How does your function stand up to a varchar(8000) column with an * at the beginning and end and all blanks in between?
Okay, first - both functions are much slower with a * at the beginning/end. My first test was at 500K rows and I cancelled before the first test finished. I did 10K, 50K and 100K rows.
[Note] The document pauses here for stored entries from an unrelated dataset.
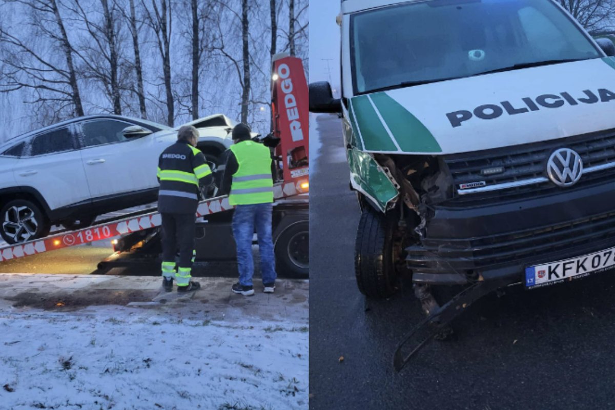 В Вильнюсе столкнулись полицейский Volkswagen Transporter и Hyundai. Пострадали двое сотрудников полиции, их доставили в больницу.
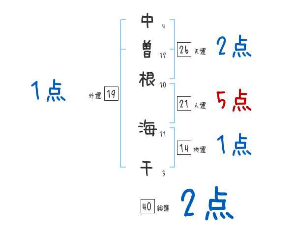外運![]() | 中曽根海千さんの外運は19画の1つ星!優れた才能を持ちますが、協調性が足りないことも。周りの人と協力する事を意識しましょう。 生活面を象徴する運勢です。外部から受ける影響力を表し、結婚運、家庭運や職場、環境への順応性を表します。 |
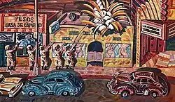 His best known painting is Death of Ruben Salazar (1986), which was one of his police brutality series.[9] He is also known for Nino y Caballo (A vision expressing freedom and joy) (1984), one of the three building-sized murals on the Victor Clothing Company Building.[10]
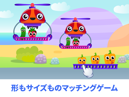 ヘリコプターがあるよ!大きなヘリコプター、中くらいのヘリコプター、小さなヘリコプターの3つのヘリコプターが準備をして、荷物を運んでもらうのを待っています。このゲームでは、子どもたちは3つのサイズを区別することを学びます。食材をヘリコプターのサイズに合わせましょう!
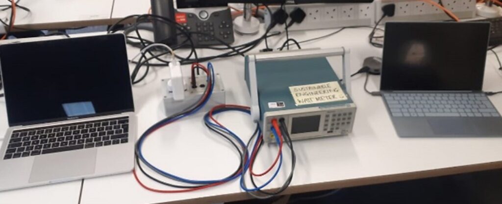 The BBC R&D team’s small-scale brightness testing setup: a power monitor, a testing laptop (with LCD screen), and a monitoring laptop. Credit: BBC
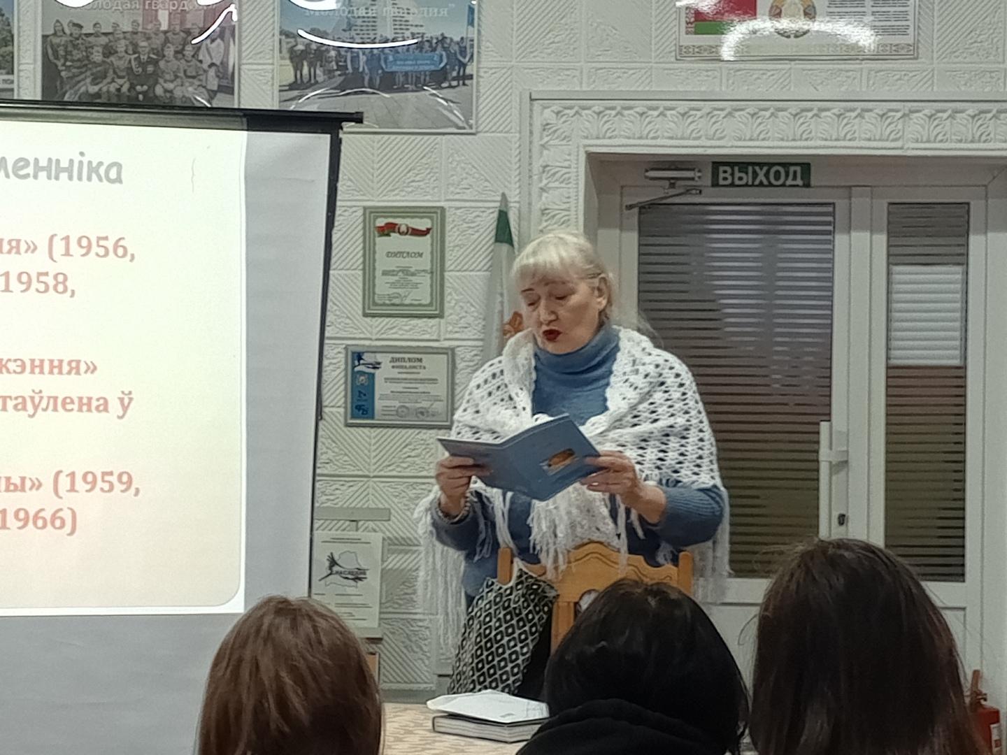 Особый интерес вызвал у учащихся выступление племянницы писателя Лилии Кравченко, которая поделилась личными воспоминаниями о своём знаменитом родственнике. Она рассказала о его характере, привычках и том, как он относился к своему творчеству. Её рассказ вызвал живой интерес у аудитории и стал эмоциональной кульминацией мероприятия. В завершение мероприятия учащиеся ознакомились с тематической выставкой книг Ивана Мележа, а также с фотографиями предоставленными Лилии Кравченко.

Here's DDL, Test and results:
-- Ran on my Laptop -- X64 (8 Logical CPU, 2.8ghz, 32GB) Microsoft SQL Server 2014 - 12.0.2254.0 (X64)
USE tempdb
GO
-- CREATE THE FUNCTIONS
-----------------------------------------------------------------
IF OBJECT_ID('dbo.fn_CleanUp_MichaelMeierruth_MKIV') IS NOT NULL
DROP FUNCTION dbo.fn_CleanUp_MichaelMeierruth_MKIV
GO
CREATE FUNCTION dbo.fn_CleanUp_MichaelMeierruth_MKIV(@S VARCHAR(max))
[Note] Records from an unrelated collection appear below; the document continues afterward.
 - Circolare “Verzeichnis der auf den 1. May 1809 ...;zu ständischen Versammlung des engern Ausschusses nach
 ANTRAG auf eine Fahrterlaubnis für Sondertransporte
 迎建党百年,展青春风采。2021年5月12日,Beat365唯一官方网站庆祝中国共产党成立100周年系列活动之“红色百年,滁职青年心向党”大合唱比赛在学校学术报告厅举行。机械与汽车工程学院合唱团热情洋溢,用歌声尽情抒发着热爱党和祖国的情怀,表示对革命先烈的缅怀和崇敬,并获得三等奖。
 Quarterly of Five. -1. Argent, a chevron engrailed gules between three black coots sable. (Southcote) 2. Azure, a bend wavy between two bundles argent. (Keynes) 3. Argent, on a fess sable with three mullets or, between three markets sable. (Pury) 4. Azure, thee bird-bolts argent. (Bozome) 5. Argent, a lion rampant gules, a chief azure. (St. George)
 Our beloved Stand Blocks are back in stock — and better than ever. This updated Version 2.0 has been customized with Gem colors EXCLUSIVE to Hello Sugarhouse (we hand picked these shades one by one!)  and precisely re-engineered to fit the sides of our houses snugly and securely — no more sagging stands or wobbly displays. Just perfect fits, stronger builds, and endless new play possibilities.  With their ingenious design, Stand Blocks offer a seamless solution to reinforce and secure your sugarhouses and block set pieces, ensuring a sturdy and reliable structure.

RETURNS VARCHAR(max) WITH SCHEMABINDING AS
BEGIN
RETURN replace(replace(replace(replace(replace(replace(replace(ltrim(rtrim(replace(@s,CHAR(9),' '))),
' ',' '),
' ',' '),
' ',' '),
' ',' '),
' ',' '),
' ',' '),
' ',' ')
END;
GO
IF OBJECT_ID('dbo.NormalizeWhiteSpace8K') IS NOT NULL
DROP FUNCTION dbo.NormalizeWhiteSpace8K
GO
CREATE FUNCTION dbo.NormalizeWhiteSpace8K(@String varchar(max))
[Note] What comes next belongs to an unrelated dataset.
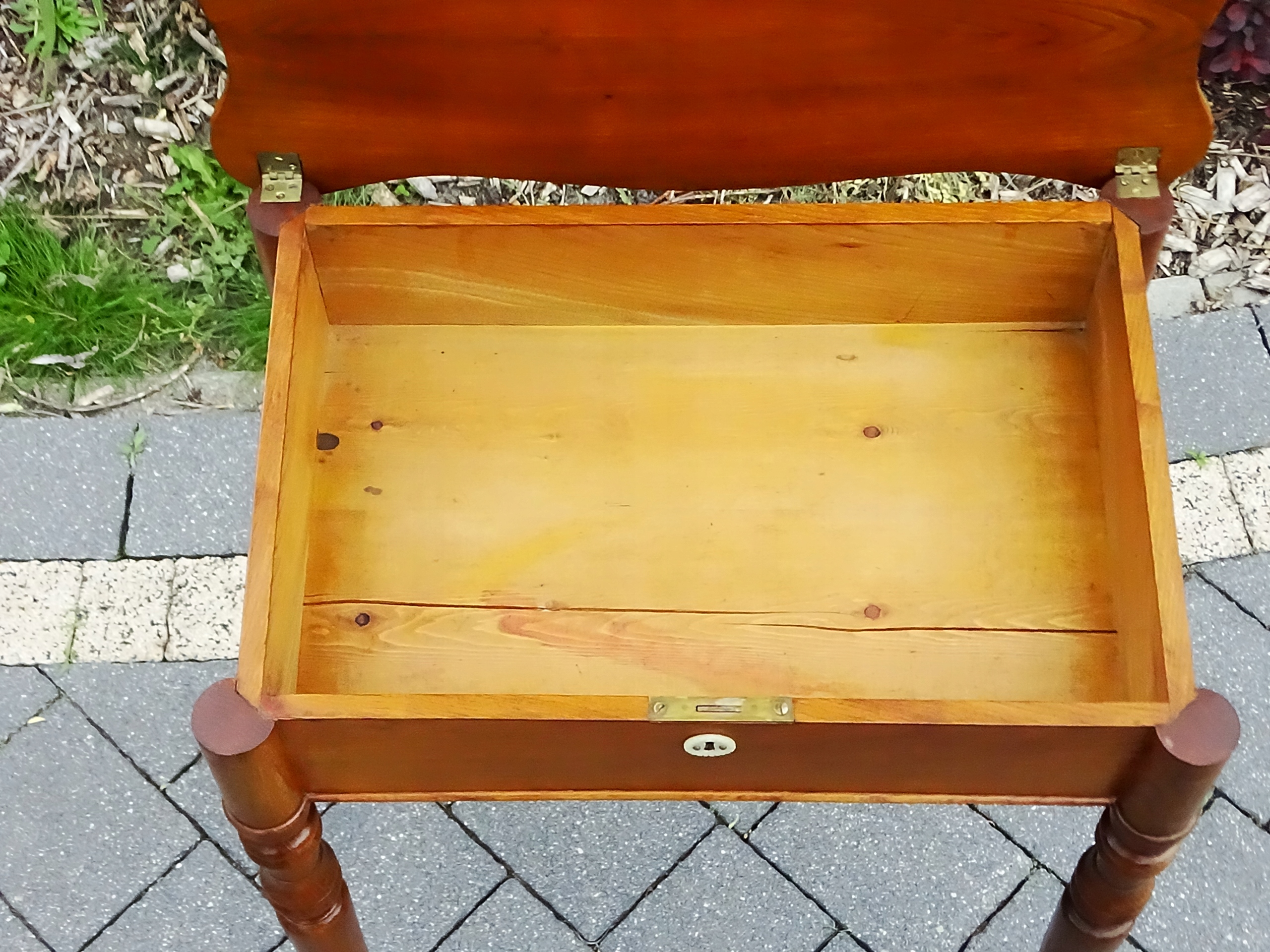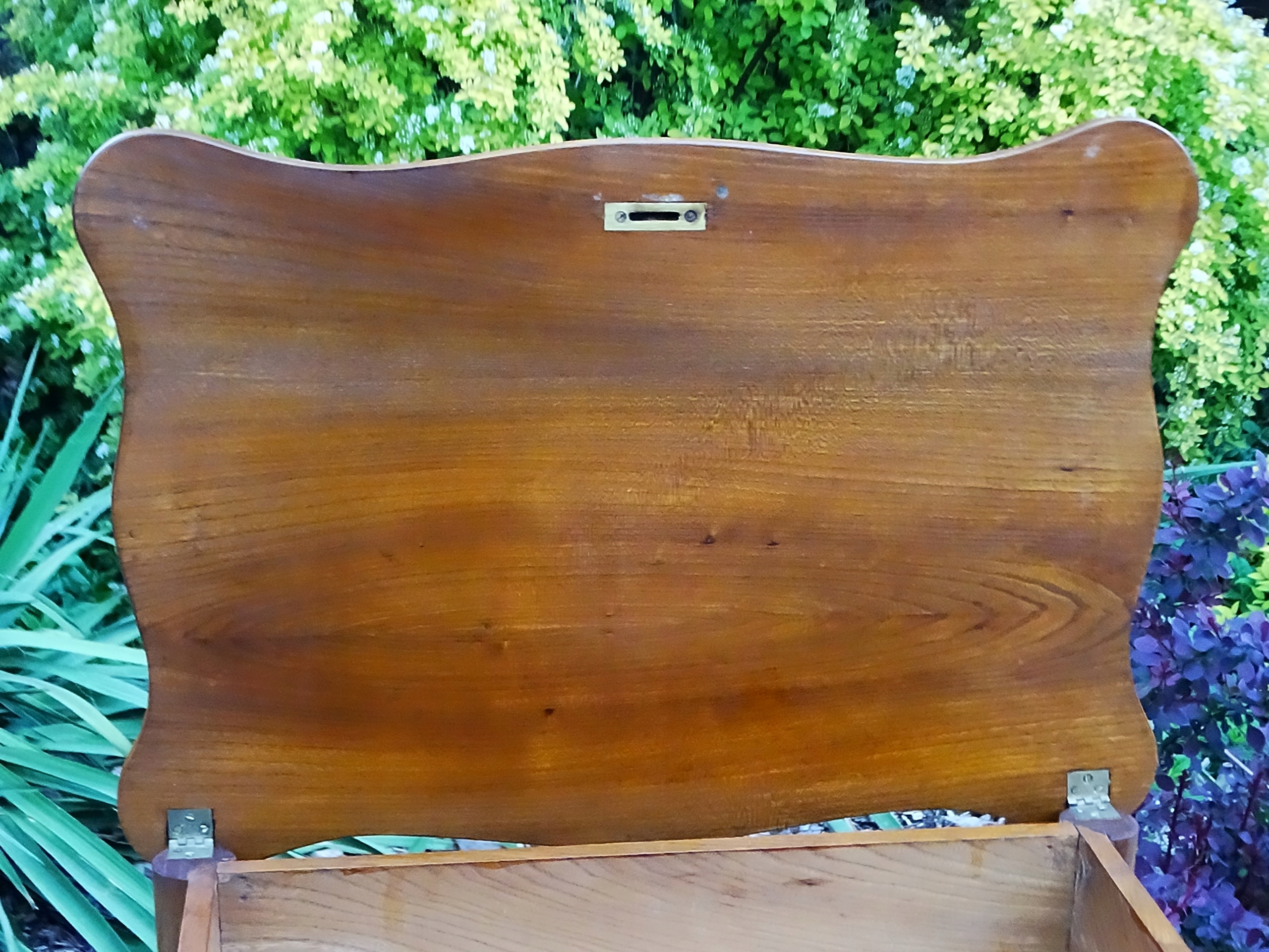 Антикварный старинный низкий столик с открывающейся столешницей.

RETURNS TABLE WITH SCHEMABINDING AS
RETURN
SELECT
NewString =
replace(replace(replace(replace(replace(replace(replace(
ltrim(rtrim(@String)),
' ',' '),
' ',' '),
' ',' '),
' ',' '),
' ',' '),
' ',' '),
' ',' ');
GO
-- MAKE SURE BOTH STILL WORK (yep)
-----------------------------------------------------------------
DECLARE @string varchar(8000);
SET @string = '*'+REPLICATE(' ',7998)+'*';
SELECT * FROM dbo.NormalizeWhiteSpace8K(@string);
SELECT dbo.fn_CleanUp_MichaelMeierruth_MKIV(@string);
--THE TESTS
-----------------------------------------------------------------
SET NOCOUNT ON
IF OBJECT_ID('tempdb..#vals') IS NOT NULL DROP TABLE #vals;
CREATE TABLE #vals (id int identity primary key, val varchar(8000) not null);
INSERT #vals (val)
SELECT TOP 100000 '*'+REPLICATE(' ',7998)+'*'
FROM sys.all_columns a, sys.all_columns b;
dbcc freeproccache with no_infomsgs
dbcc dropcleanbuffers with no_infomsgs
PRINT '========== itvf version ==========';
DECLARE
@result varchar(8000),
@StartTime DATETIME = GETDATE();
SELECT @result = NewString
FROM #vals
CROSS APPLY dbo.NormalizeWhiteSpace8K(val);
PRINT CAST(@@rowcount AS varchar(10))+' rows.';
PRINT DATEDIFF(ms,@StartTime,GETDATE());
GO 3
PRINT '========== scalar version ==========';
DECLARE
@result varchar(8000),
@StartTime DATETIME = GETDATE();
SELECT @result = dbo.fn_CleanUp_MichaelMeierruth_MKIV(val)
FROM #vals;
PRINT CAST(@@rowcount AS varchar(10))+' rows.';
PRINT DATEDIFF(ms,@StartTime,GETDATE());
GO 3
/*
--10,000 Records
Beginning execution loop
========== itvf version ==========
10000 rows.
1450
========== itvf version ==========
10000 rows.
1380
========== itvf version ==========
10000 rows.
1413
Batch execution completed 3 times.
Beginning execution loop
========== scalar version ==========
10000 rows.
2300
========== scalar version ==========
10000 rows.
2290
========== scalar version ==========
10000 rows.
2276
Batch execution completed 3 times.
*/
/*
-- 50,000 rows
Beginning execution loop
========== itvf version ==========
50000 rows.
7166
========== itvf version ==========
50000 rows.
7116
========== itvf version ==========
50000 rows.
7070
Batch execution completed 3 times.
Beginning execution loop
========== scalar version ==========
50000 rows.
11503
========== scalar version ==========
50000 rows.
11530
========== scalar version ==========
50000 rows.
11493
Batch execution completed 3 times.
*/
/*
-- 100,000 rows
Beginning execution loop
========== itvf version ==========
100000 rows.
14426
========== itvf version ==========
100000 rows.
14226
========== itvf version ==========
100000 rows.
14226
Batch execution completed 3 times.
Beginning execution loop
========== scalar version ==========
100000 rows.
22900
========== scalar version ==========
100000 rows.
23076
========== scalar version ==========
100000 rows.
22943
Batch execution completed 3 times.
*/
Surely both of these methods would benefit from using a binary collation, allowing the REPLACE function to execute faster?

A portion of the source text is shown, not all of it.